Members of the TRANS_HYB network: Pr. Kenneth Fincham (Kent), Dr. Marianne Gillion (KU Leuven), Felipe Goes Silva (Université de Lille), Anne Heminger (University of Tampa, Florida), Suzanna Ivanic (University of Kent), Dr. Yves Junot (UVHC), Dr. Chris Langley (Newman College), Dr. Matthew Laube (Birkbeck College, London), Dr. Antoine Mazurek, Emmanuel Phatthanasinh (Lorraine), Pr. Violet Soen (KU Leuven), Dr. Daniel Trocmé-Latter (Hamerton College, Cambridge), Pr. Anne-Laure Van Bruaene (U. Gent), Heleen Wyffels (KU Leuven).

Three workshops will be run over a two year period to elaborate a research agenda and a design concepts and methods to analyse unexamined sources or revisit underexamined ones.

WORKSHOP 1: Friday 23 October,  We discussed David Luebke's Hometown Religion: Regimes of Co-Existence in Westphalia.  

WORKSHOP 2: 6 May 2021 : Epistomological issues around the liturgical studies

Session 1 : Does practicing mean believing ? 

Chair : Aude de Mézerac-Zanetti

Presentation : Emmanuel Phattanasinh (Université de Lorraine): "Hot and cold rituals": a new paragigm to examine liturgies in context.


Session 2 : Practice-led research in the field of liturgical studies

Chair: Marianne Gillion.

We discussed the Experience of Worship Project (John Harper and Sally Harper, Bangor University). 


Workshop 3 : 12 Nov 2022 : anthropological approaches to early modern rituals with Christian Grosse (Université de Génève). 

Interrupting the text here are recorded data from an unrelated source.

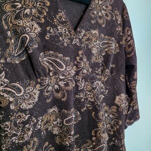 Vintage Y2K East 5th Metallic Paisley Top — Chocolate Brown — 3/4 Sleeve — Size Medium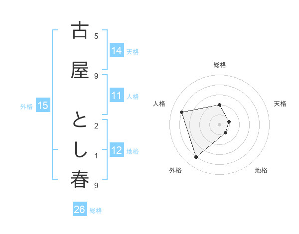 古屋 とし春さんを姓名の画数から五運を鑑定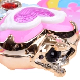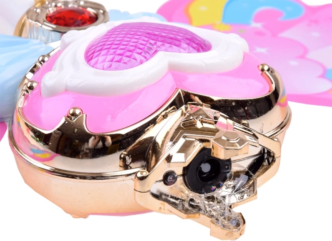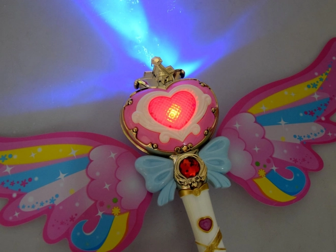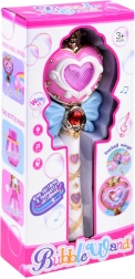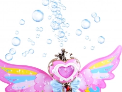 Această baghetă fermecătoare cu aripi curcubeu oferă posibilitatea de a lansa bule colorate din săpun, care încântă fiecare copil. La apăsarea butonului, muzica veselă începe să cânte și bagheta strălucește cu lumini strălucitoare.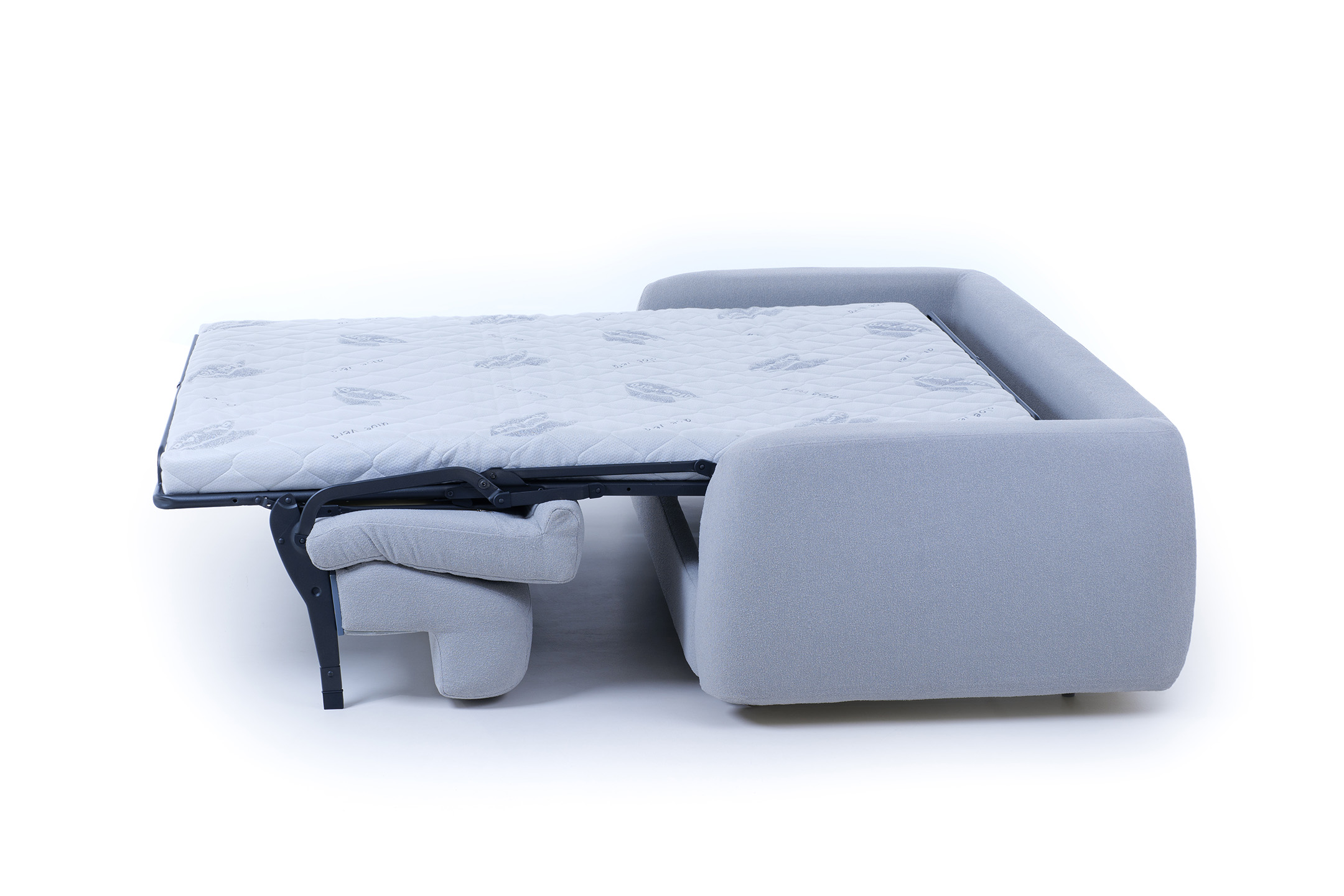 Металлический механизм двойного сложения используется как каркас для установки отдельных навесных деталей дивана. Опоры — металлический профиль, окрашенный полимерной краской.

We explored the ways in which work conducted in the field of anthropology was mobilized to examine religious rituals and practices in the fields of history and musicology.




Funding and awards (2019-2022)

June 2022 : Appointed junior fellow of the Institut Universitaire de France (2022-2027)

January 2021: FLASH award by I-SITE ULNE for TRANS_HYB and REPOL to run the workshops, fund research and hire short-term support staff to set up the REPOL plateform (24,200 €).

January 2020: "Projet Emergent" award by the MESHS to fund first workshop and further travelling for research and to meet scholars (3,000€).


June 2019 : travelling bursary awarded by I-SITE ULNE to set up first contact in view of establishing a network of scholars based in Kent, KU Leuven and U Gent (900€).